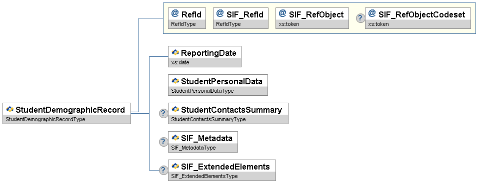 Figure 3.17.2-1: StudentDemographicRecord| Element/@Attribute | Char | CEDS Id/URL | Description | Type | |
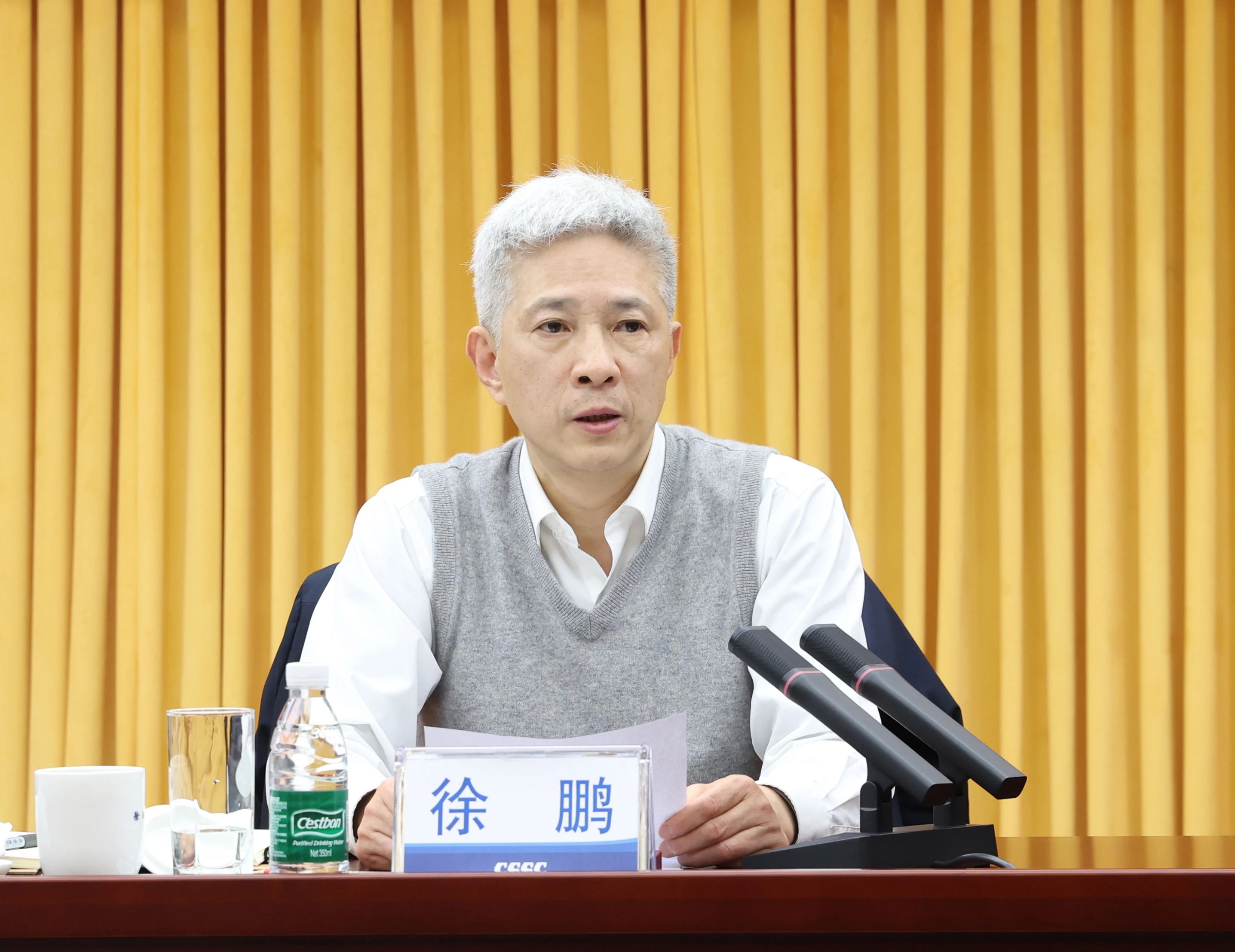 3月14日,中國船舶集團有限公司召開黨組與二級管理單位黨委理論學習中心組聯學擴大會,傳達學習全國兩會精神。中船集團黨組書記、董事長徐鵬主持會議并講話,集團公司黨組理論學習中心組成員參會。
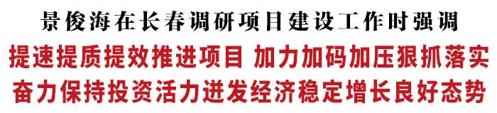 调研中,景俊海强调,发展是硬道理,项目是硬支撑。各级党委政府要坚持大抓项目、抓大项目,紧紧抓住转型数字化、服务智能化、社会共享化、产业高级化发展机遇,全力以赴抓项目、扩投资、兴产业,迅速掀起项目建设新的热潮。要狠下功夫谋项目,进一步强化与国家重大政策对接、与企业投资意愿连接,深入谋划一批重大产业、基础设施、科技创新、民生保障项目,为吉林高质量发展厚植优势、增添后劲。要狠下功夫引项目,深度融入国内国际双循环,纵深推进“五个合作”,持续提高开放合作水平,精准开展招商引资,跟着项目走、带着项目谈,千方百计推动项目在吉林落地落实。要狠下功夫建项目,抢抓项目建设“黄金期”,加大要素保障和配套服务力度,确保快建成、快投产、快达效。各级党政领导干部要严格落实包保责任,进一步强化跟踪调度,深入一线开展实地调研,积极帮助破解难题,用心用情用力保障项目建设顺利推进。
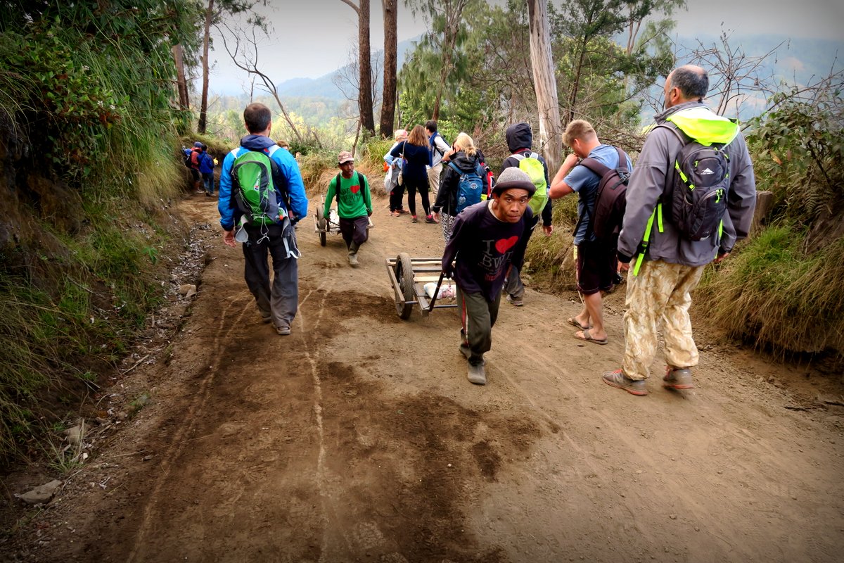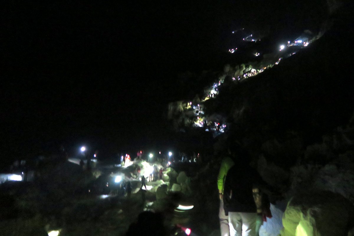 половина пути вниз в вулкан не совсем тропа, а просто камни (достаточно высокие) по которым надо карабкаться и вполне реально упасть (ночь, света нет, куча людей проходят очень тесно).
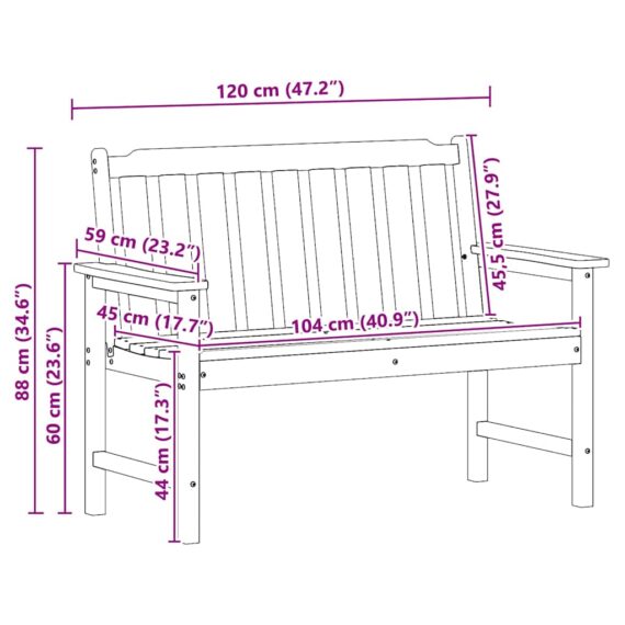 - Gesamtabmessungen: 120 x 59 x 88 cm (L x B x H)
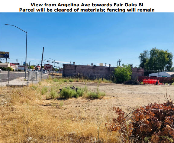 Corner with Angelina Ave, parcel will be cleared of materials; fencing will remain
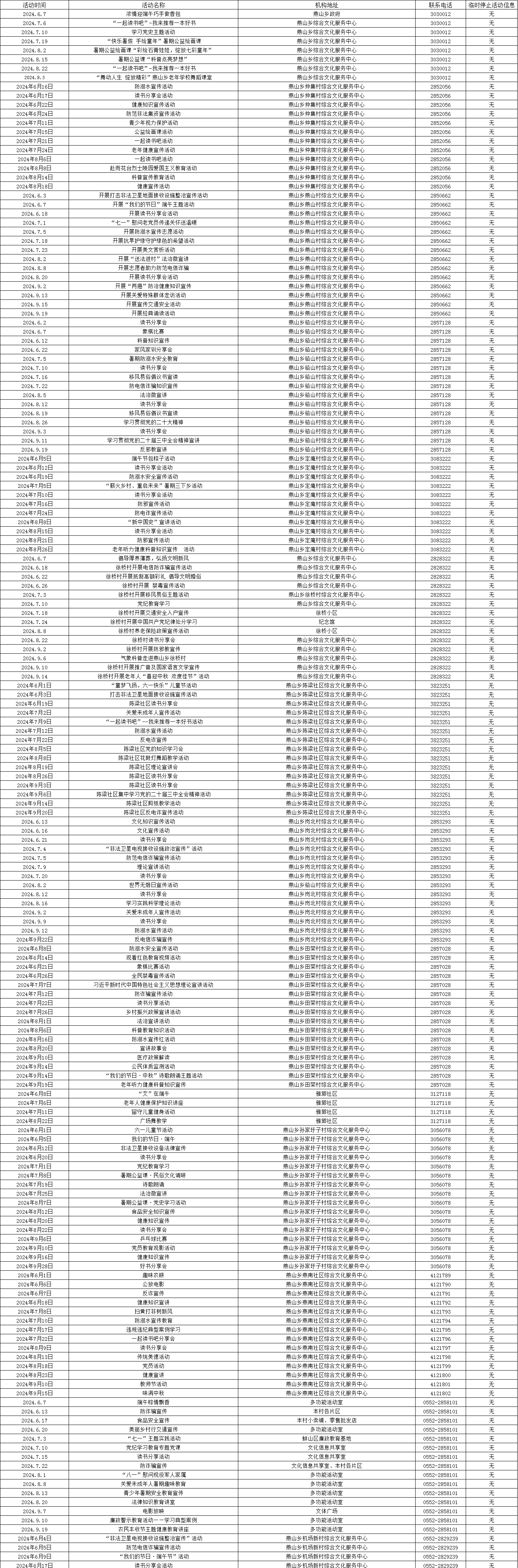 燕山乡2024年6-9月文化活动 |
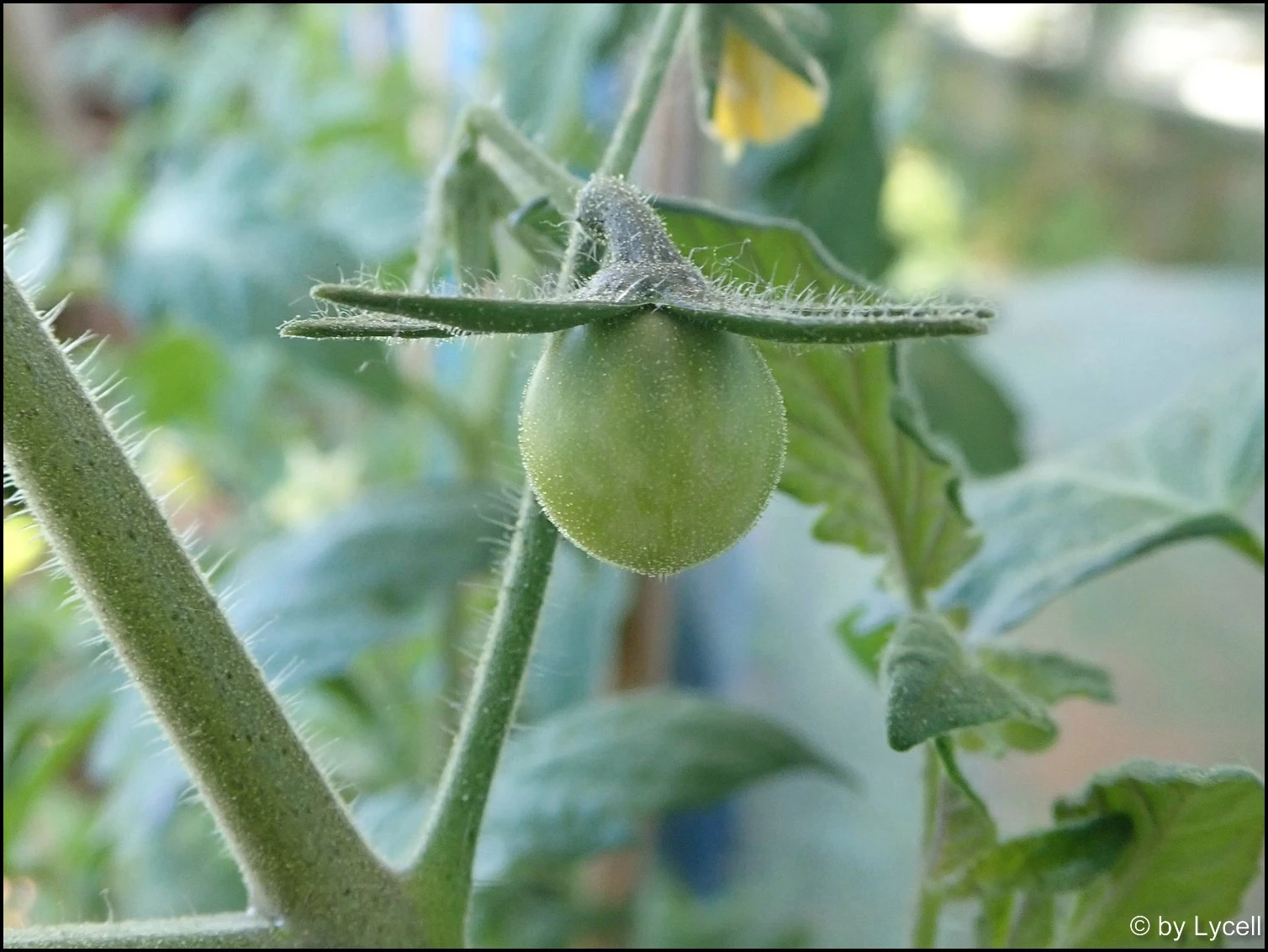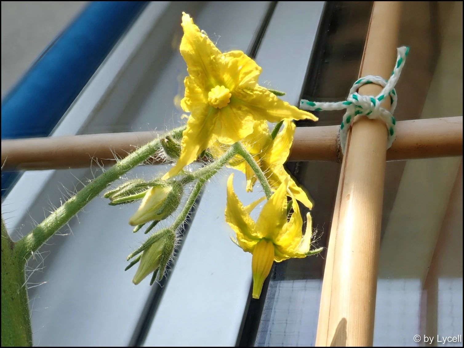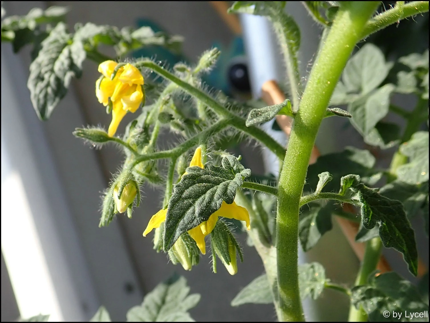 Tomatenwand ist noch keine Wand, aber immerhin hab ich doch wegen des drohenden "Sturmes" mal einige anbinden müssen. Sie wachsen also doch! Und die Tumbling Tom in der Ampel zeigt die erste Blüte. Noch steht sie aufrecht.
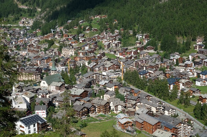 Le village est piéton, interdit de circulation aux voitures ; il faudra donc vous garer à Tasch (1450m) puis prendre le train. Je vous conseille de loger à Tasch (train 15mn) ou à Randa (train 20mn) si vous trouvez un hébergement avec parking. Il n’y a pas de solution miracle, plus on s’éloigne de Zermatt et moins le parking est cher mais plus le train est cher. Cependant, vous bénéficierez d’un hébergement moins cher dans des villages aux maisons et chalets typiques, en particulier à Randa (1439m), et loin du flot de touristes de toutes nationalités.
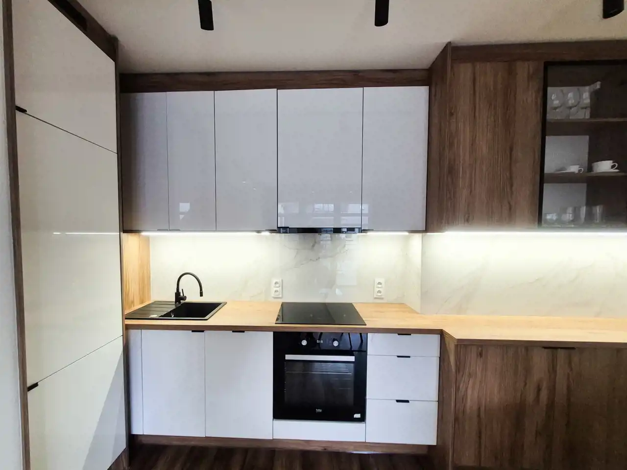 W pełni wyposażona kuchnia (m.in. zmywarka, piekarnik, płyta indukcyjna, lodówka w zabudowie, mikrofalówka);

> _What you have to do_:
Starting with the first line of the material above and ending with the line that holds "Tomatenwand ist noch", write out those lines exactly, without pictures.

> _Response to the task_:
 Figure 3.17.2-1: StudentDemographicRecord| Element/@Attribute | Char | CEDS Id/URL | Description | Type | |
 3月14日,中國船舶集團有限公司召開黨組與二級管理單位黨委理論學習中心組聯學擴大會,傳達學習全國兩會精神。中船集團黨組書記、董事長徐鵬主持會議并講話,集團公司黨組理論學習中心組成員參會。
 调研中,景俊海强调,发展是硬道理,项目是硬支撑。各级党委政府要坚持大抓项目、抓大项目,紧紧抓住转型数字化、服务智能化、社会共享化、产业高级化发展机遇,全力以赴抓项目、扩投资、兴产业,迅速掀起项目建设新的热潮。要狠下功夫谋项目,进一步强化与国家重大政策对接、与企业投资意愿连接,深入谋划一批重大产业、基础设施、科技创新、民生保障项目,为吉林高质量发展厚植优势、增添后劲。要狠下功夫引项目,深度融入国内国际双循环,纵深推进“五个合作”,持续提高开放合作水平,精准开展招商引资,跟着项目走、带着项目谈,千方百计推动项目在吉林落地落实。要狠下功夫建项目,抢抓项目建设“黄金期”,加大要素保障和配套服务力度,确保快建成、快投产、快达效。各级党政领导干部要严格落实包保责任,进一步强化跟踪调度,深入一线开展实地调研,积极帮助破解难题,用心用情用力保障项目建设顺利推进。
 половина пути вниз в вулкан не совсем тропа, а просто камни (достаточно высокие) по которым надо карабкаться и вполне реально упасть (ночь, света нет, куча людей проходят очень тесно).
 - Gesamtabmessungen: 120 x 59 x 88 cm (L x B x H)
 Corner with Angelina Ave, parcel will be cleared of materials; fencing will remain
 燕山乡2024年6-9月文化活动 |
 Tomatenwand ist noch keine Wand, aber immerhin hab ich doch wegen des drohenden "Sturmes" mal einige anbinden müssen. Sie wachsen also doch! Und die Tumbling Tom in der Ampel zeigt die erste Blüte. Noch steht sie aufrecht.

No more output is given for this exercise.